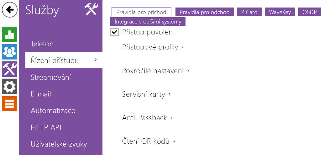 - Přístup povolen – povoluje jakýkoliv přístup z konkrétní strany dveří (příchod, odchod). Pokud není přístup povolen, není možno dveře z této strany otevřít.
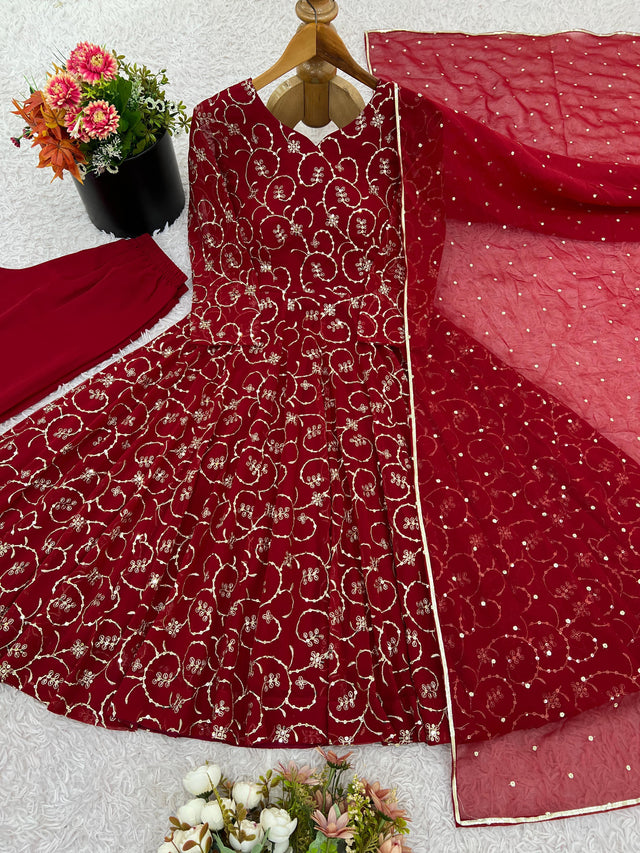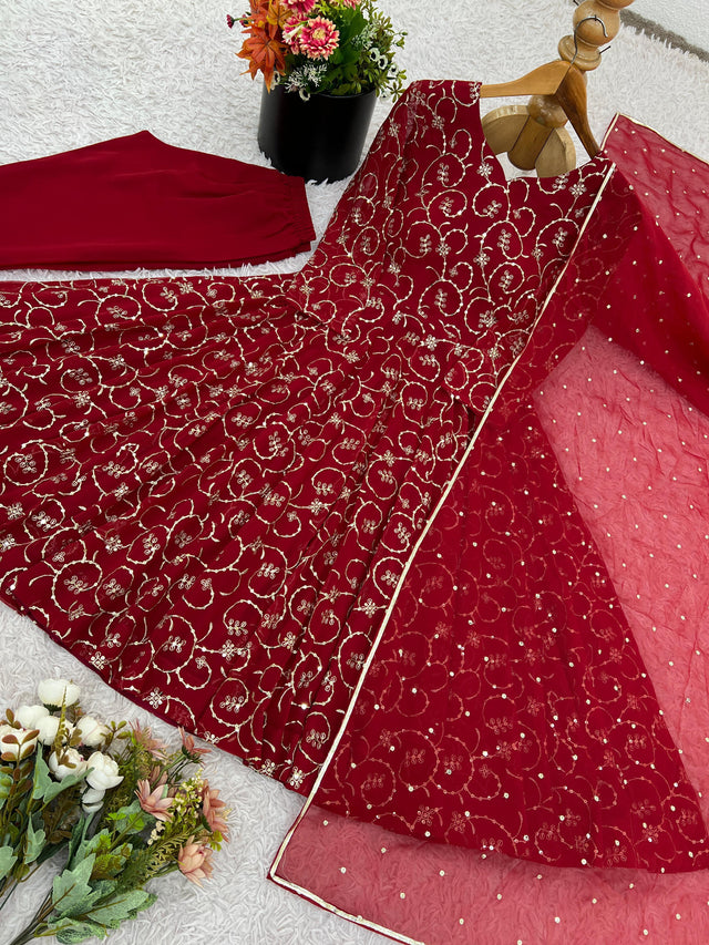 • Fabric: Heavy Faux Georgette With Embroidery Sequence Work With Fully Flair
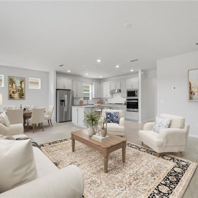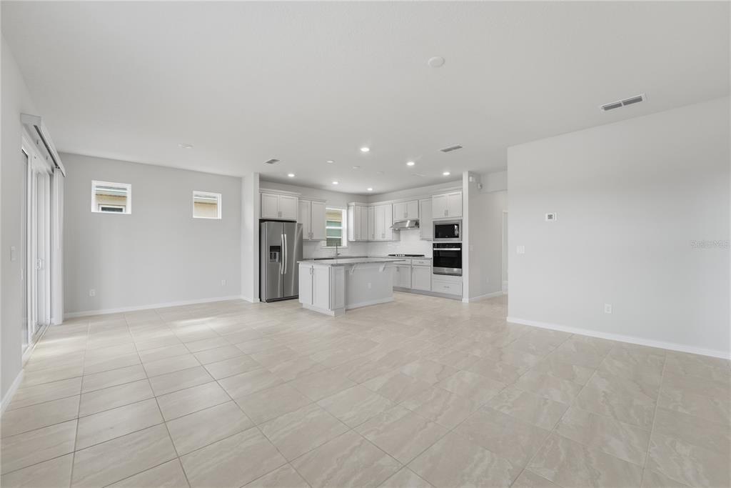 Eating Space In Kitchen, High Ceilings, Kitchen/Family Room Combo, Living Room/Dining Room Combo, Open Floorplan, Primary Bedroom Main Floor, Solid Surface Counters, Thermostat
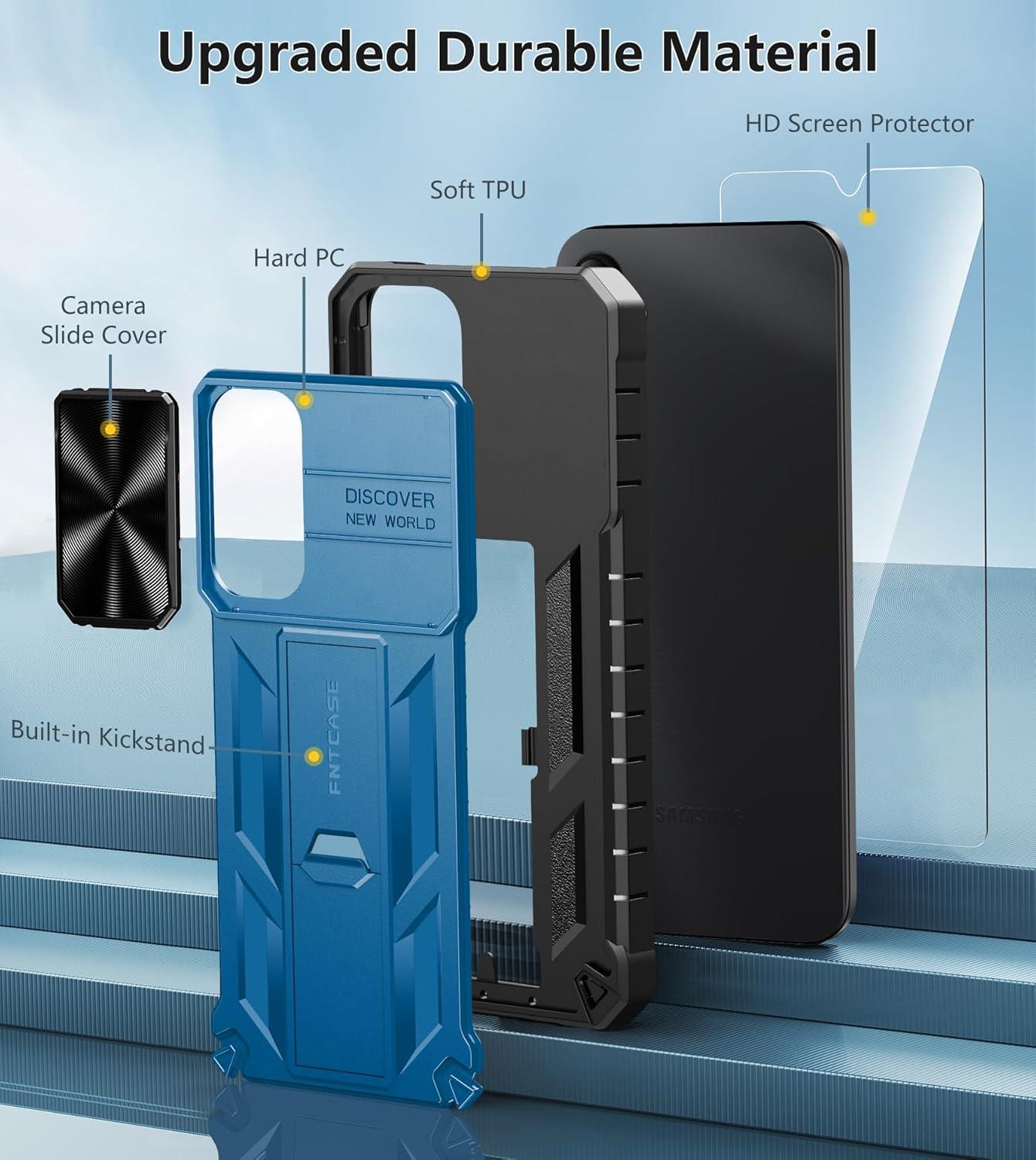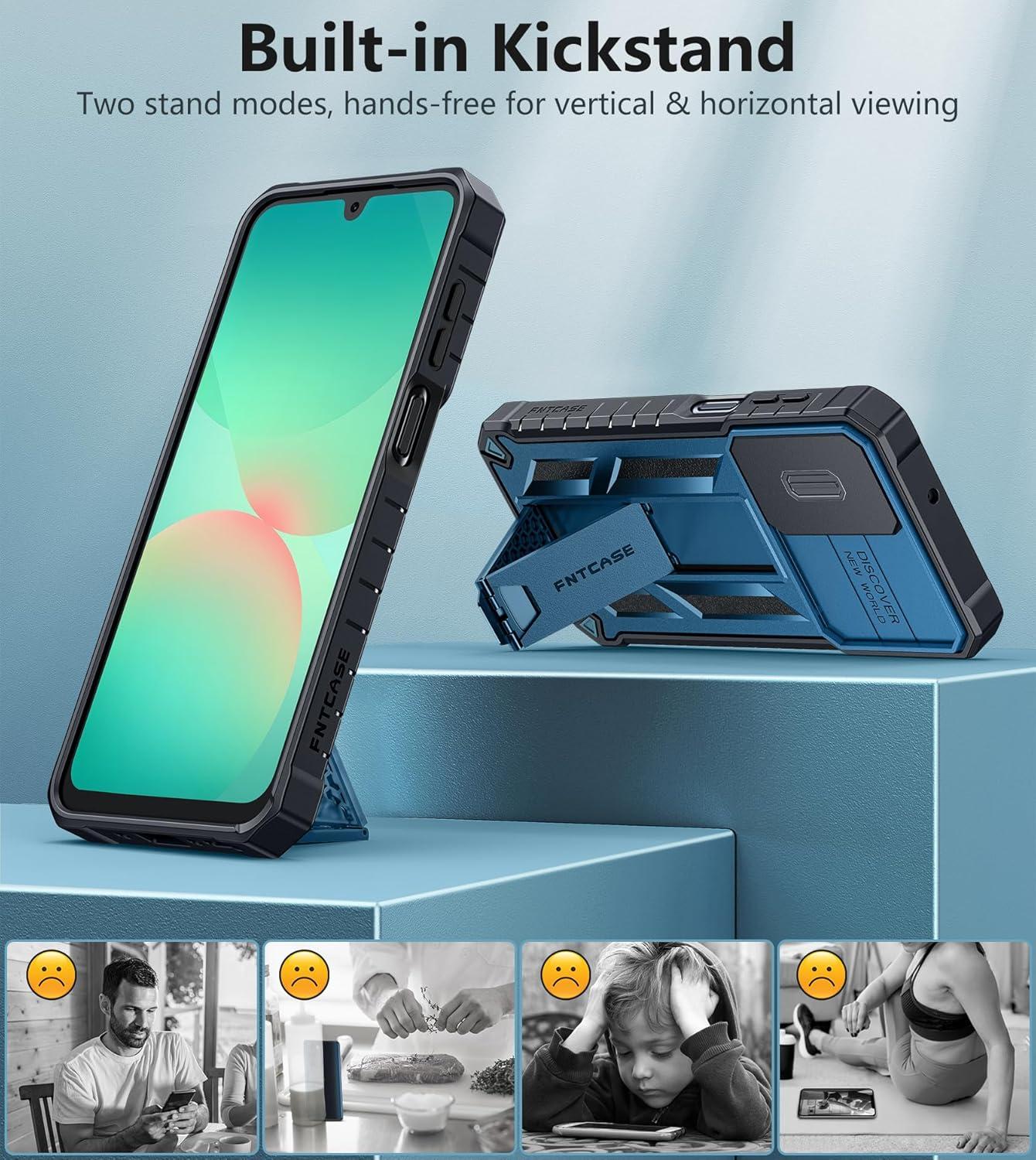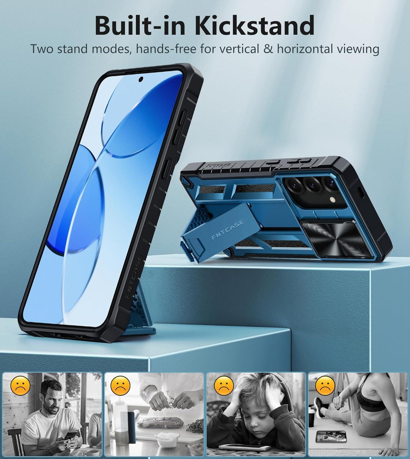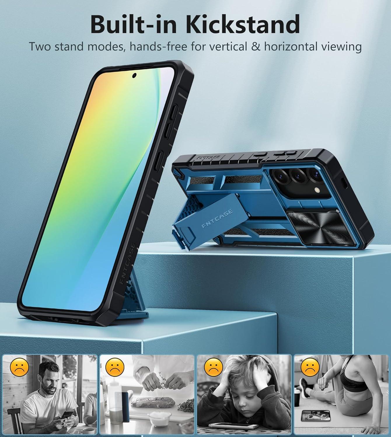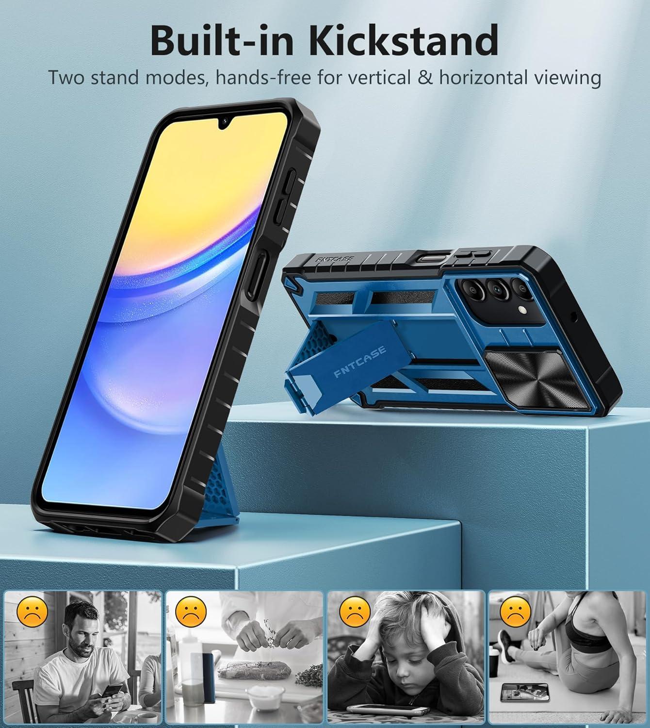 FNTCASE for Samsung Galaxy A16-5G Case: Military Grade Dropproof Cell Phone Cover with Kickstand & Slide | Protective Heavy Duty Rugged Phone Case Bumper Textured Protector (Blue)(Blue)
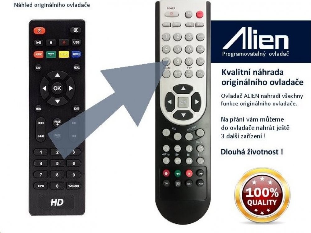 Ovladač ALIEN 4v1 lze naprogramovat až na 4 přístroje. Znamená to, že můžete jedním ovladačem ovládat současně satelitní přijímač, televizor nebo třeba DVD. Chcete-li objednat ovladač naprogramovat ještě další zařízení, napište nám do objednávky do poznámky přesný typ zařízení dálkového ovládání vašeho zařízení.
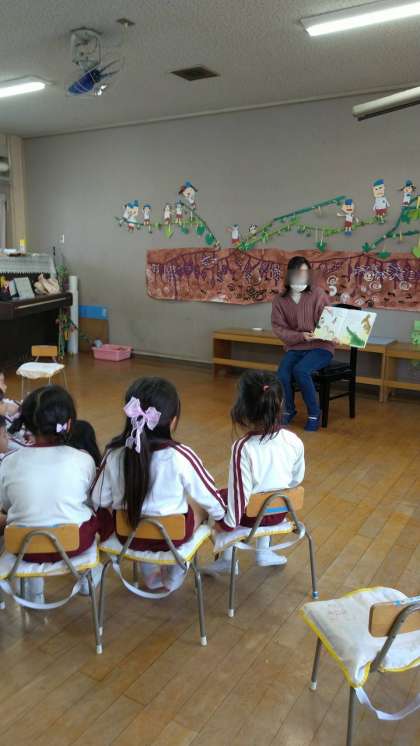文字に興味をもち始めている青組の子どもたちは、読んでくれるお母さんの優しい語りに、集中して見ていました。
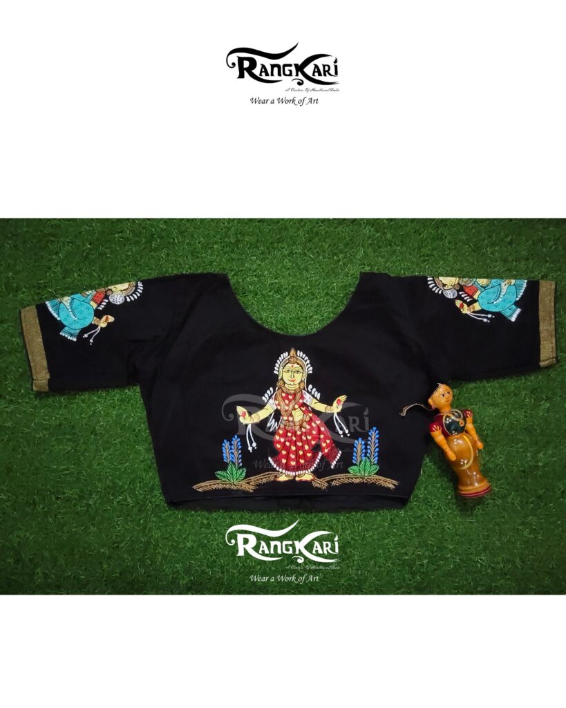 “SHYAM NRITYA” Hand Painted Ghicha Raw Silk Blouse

What is required: Give back each entry exactly as it appears, with no pictures.

Result:
 - Přístup povolen – povoluje jakýkoliv přístup z konkrétní strany dveří (příchod, odchod). Pokud není přístup povolen, není možno dveře z této strany otevřít.
 • Fabric: Heavy Faux Georgette With Embroidery Sequence Work With Fully Flair
 Eating Space In Kitchen, High Ceilings, Kitchen/Family Room Combo, Living Room/Dining Room Combo, Open Floorplan, Primary Bedroom Main Floor, Solid Surface Counters, Thermostat
 FNTCASE for Samsung Galaxy A16-5G Case: Military Grade Dropproof Cell Phone Cover with Kickstand & Slide | Protective Heavy Duty Rugged Phone Case Bumper Textured Protector (Blue)(Blue)
 Ovladač ALIEN 4v1 lze naprogramovat až na 4 přístroje. Znamená to, že můžete jedním ovladačem ovládat současně satelitní přijímač, televizor nebo třeba DVD. Chcete-li objednat ovladač naprogramovat ještě další zařízení, napište nám do objednávky do poznámky přesný typ zařízení dálkového ovládání vašeho zařízení.
文字に興味をもち始めている青組の子どもたちは、読んでくれるお母さんの優しい語りに、集中して見ていました。
 “SHYAM NRITYA” Hand Painted Ghicha Raw Silk Blouse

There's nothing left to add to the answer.